Fear and Trembling is beautifully made and an eye-opening experience. Sylvie Testud is adorably human as Amélie, and the film uses passages from the book as a hilarious running commentary. When Amélie swells with pride for having served her new company, the voiceover talks about her gratitude being such that she'd be happy to crash her Kamikaze plane into an American aircraft carrier. The film presents her daydream flights of fancy high over Tokyo, but the main attraction is just seeing Amélie struggling to fit in without the proper preparation. Testud reportedly learned her Japanese phonetically and is convincingly fluent, at least to this non-speaker.


Home Vision's disc of Fear and Trembling is a perfect transfer of an extremely well shot film, with a good 5.1 track in Japanese and French with subtitles. A surprise for fans of Japanese film music occurs in the last act when Ryuchi Sakamoto's score for Merry Christmas, Mr. Lawrence makes a welcome appearance.

The disc has a trailer and some raw video coverage of the shooting that is billed as a behind the scenes featurette. Film critic Mark Peranson contributes a thoughtful essay that will help steer viewers toward a better understanding of this terrific film.

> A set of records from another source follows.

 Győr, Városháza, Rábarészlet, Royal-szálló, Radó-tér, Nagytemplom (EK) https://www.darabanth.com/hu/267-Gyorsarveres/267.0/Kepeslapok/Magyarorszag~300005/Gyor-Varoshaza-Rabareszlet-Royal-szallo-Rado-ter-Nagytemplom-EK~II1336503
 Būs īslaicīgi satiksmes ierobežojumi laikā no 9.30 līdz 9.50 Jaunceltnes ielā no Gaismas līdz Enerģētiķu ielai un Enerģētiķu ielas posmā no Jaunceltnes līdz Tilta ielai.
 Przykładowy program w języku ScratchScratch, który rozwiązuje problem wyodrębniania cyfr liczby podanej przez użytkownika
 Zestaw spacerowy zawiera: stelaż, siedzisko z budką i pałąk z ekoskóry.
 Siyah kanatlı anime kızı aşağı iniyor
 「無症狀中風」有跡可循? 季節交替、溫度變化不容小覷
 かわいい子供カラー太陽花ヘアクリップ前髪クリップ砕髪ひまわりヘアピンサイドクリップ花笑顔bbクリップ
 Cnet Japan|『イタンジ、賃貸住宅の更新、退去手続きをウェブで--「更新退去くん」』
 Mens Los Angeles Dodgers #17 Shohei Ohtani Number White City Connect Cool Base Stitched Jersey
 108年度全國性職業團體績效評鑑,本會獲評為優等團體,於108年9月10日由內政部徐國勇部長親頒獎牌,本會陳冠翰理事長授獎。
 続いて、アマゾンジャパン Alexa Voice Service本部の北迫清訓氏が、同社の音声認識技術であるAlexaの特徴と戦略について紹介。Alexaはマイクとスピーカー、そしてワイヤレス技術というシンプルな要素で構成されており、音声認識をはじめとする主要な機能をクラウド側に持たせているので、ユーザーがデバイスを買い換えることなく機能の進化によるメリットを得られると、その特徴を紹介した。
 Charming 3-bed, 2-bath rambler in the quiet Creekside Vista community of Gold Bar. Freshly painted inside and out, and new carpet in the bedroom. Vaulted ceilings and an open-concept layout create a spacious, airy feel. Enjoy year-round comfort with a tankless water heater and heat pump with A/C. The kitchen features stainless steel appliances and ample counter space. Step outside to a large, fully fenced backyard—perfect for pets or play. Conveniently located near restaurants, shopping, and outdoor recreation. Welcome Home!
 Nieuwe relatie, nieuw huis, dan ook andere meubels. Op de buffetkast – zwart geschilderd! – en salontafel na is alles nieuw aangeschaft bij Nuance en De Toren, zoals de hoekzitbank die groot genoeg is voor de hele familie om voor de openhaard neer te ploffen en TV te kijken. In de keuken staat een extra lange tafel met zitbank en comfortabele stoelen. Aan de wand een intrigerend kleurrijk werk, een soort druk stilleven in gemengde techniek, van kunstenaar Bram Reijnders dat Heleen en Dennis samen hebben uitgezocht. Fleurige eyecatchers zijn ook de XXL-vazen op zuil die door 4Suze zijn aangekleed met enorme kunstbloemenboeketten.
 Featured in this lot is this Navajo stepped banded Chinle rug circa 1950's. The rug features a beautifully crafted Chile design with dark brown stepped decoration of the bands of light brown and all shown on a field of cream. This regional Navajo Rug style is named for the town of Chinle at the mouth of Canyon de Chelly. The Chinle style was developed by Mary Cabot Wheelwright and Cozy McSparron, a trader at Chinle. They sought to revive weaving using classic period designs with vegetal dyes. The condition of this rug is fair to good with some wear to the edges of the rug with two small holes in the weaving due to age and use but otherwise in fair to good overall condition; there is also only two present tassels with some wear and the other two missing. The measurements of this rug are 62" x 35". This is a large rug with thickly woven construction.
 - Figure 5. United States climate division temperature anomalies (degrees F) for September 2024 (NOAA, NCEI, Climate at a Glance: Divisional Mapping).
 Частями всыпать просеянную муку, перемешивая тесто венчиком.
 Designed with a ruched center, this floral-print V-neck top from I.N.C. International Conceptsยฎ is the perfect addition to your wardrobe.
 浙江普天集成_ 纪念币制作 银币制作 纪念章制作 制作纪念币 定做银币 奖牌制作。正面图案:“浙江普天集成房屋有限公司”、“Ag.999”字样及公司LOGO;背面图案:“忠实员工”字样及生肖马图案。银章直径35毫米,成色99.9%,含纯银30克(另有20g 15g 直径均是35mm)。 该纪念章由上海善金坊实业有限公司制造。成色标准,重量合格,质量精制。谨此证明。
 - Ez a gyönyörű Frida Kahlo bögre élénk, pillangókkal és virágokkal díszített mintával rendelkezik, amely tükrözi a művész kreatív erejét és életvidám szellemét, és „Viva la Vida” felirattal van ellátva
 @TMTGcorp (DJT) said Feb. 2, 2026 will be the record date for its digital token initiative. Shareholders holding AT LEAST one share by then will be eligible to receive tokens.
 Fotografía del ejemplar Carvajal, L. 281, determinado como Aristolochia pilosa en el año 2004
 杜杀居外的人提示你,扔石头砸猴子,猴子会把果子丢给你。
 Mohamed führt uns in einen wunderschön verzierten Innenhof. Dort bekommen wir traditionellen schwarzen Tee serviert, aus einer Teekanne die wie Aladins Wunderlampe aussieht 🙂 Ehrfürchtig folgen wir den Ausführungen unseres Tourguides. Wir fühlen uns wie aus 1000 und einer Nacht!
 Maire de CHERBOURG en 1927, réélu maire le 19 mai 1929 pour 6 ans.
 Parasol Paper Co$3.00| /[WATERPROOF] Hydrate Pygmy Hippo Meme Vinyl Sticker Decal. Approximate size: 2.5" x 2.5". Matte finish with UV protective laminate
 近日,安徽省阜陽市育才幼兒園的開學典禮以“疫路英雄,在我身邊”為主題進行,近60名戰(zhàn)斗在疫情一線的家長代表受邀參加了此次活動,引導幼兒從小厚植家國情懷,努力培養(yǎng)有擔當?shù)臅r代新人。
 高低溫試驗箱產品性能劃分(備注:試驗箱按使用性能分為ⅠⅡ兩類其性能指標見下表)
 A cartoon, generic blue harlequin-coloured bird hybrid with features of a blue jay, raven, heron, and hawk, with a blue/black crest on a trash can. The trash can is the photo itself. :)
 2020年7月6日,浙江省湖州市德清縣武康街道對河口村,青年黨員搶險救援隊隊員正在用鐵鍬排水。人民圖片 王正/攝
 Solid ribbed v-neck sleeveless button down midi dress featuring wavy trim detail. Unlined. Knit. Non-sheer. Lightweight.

On a scale of Excellent, Good, Fair, and Poor, Fear and Trembling rates:
Movie: Excellent
Video: Excellent
Sound: Excellent
Supplements: Behind the scenes video, trailer, liner notes by film critic Mark Peranson
Packaging: Keep case
Reviewed: November 22, 2005


Republished by permission of Turner Classic Movies.

Footnotes:

1. I think it's Tokyo Story in which a widower sits alone after his wife's funeral. A neighbor pauses to offer unsolicited remarks: "Oh, you poor man, you must be so lonely!" "No woman or children in the house, what will you do?" "You must be very miserable indeed!" To us Westerners this is an outrageous breach of privacy and decency. In Japan it's apparently not, depending on who is speaking to whom.